> [PROBLEM REQUIREMENTS] Images are not wanted; transcribe the rest of the listing exactly.

> [RECORDED INFORMATION]
+ + + +
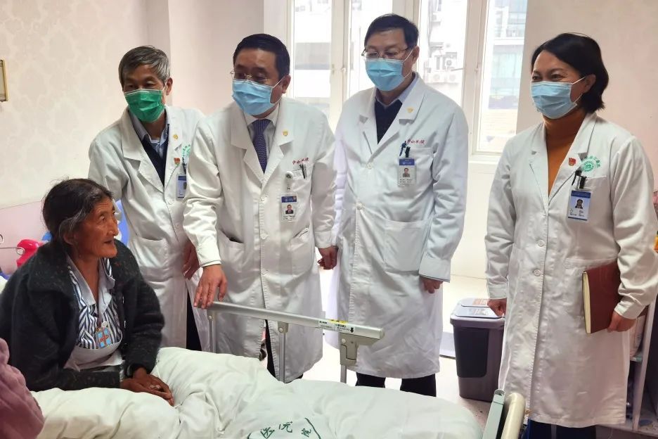 1月7日,复旦大学附属中山医院普外科副主任、中山医院医联体徐汇区中心医院执行院长刘厚宝教授,徐汇区中心医院党委书记张雪梅带着医护团队来到病房为努增阿妈送行。复旦大学附属中山医院副院长、徐汇区中心医院院长周俭教授也特地跟阿妈进行了视频连线,“阿妈有什么不舒服就联系我们的援藏医生,我们一定想办法帮你解决!”阿妈激动地握住医护人员的手,用藏语和藏族的礼仪方式表达了感谢,并献上了准备已久的哈达。
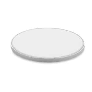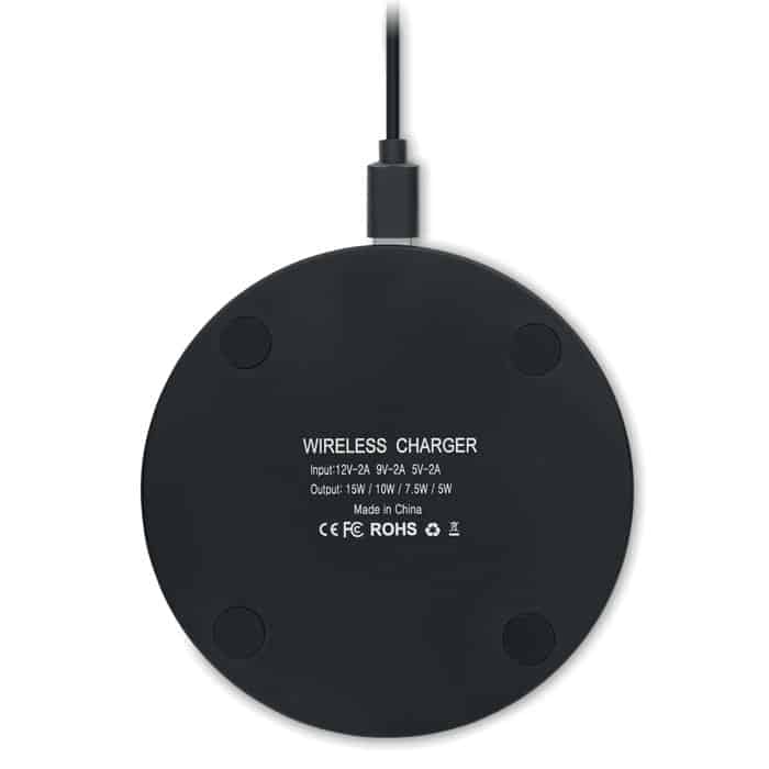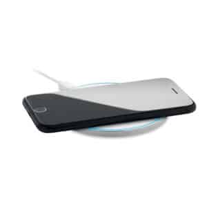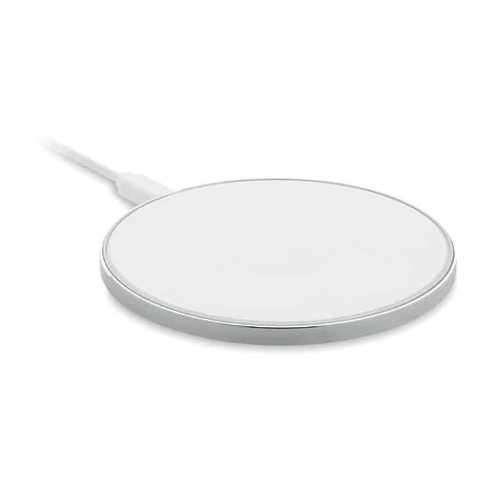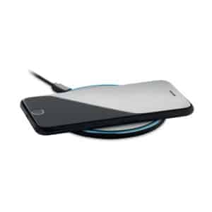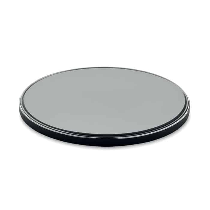 Aluminium Wireless charger 10W with glass on top. Connect device to your computer, lay down smartphone on it and let it charge. Blue light when charging. Output: DC 9V/1.1A.
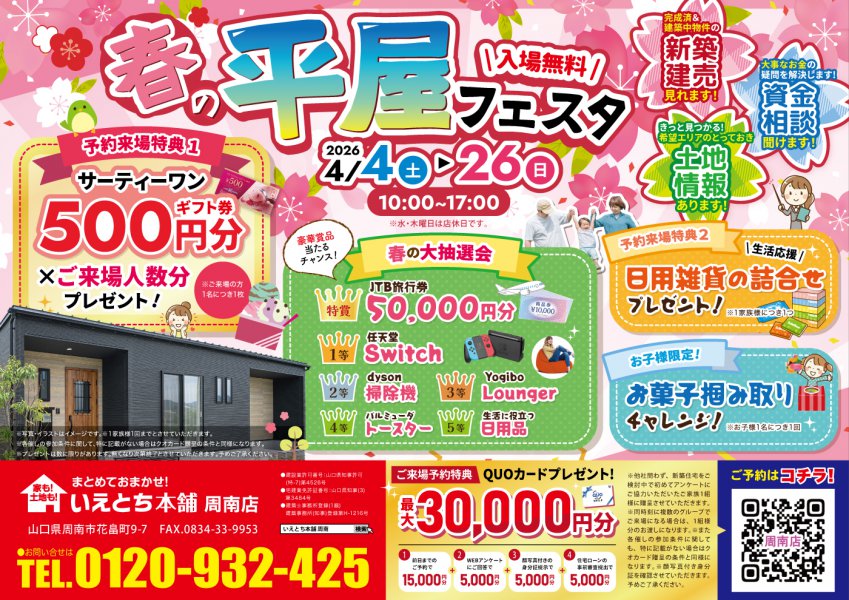 【春の平屋フェスタ】平屋の家づくり相談会!希望エリアの土地情報もご案内|周南店
+ + + +
> [ANSWER TO THIS EXERCISE]
 1月7日,复旦大学附属中山医院普外科副主任、中山医院医联体徐汇区中心医院执行院长刘厚宝教授,徐汇区中心医院党委书记张雪梅带着医护团队来到病房为努增阿妈送行。复旦大学附属中山医院副院长、徐汇区中心医院院长周俭教授也特地跟阿妈进行了视频连线,“阿妈有什么不舒服就联系我们的援藏医生,我们一定想办法帮你解决!”阿妈激动地握住医护人员的手,用藏语和藏族的礼仪方式表达了感谢,并献上了准备已久的哈达。
 Aluminium Wireless charger 10W with glass on top. Connect device to your computer, lay down smartphone on it and let it charge. Blue light when charging. Output: DC 9V/1.1A.
 【春の平屋フェスタ】平屋の家づくり相談会!希望エリアの土地情報もご案内|周南店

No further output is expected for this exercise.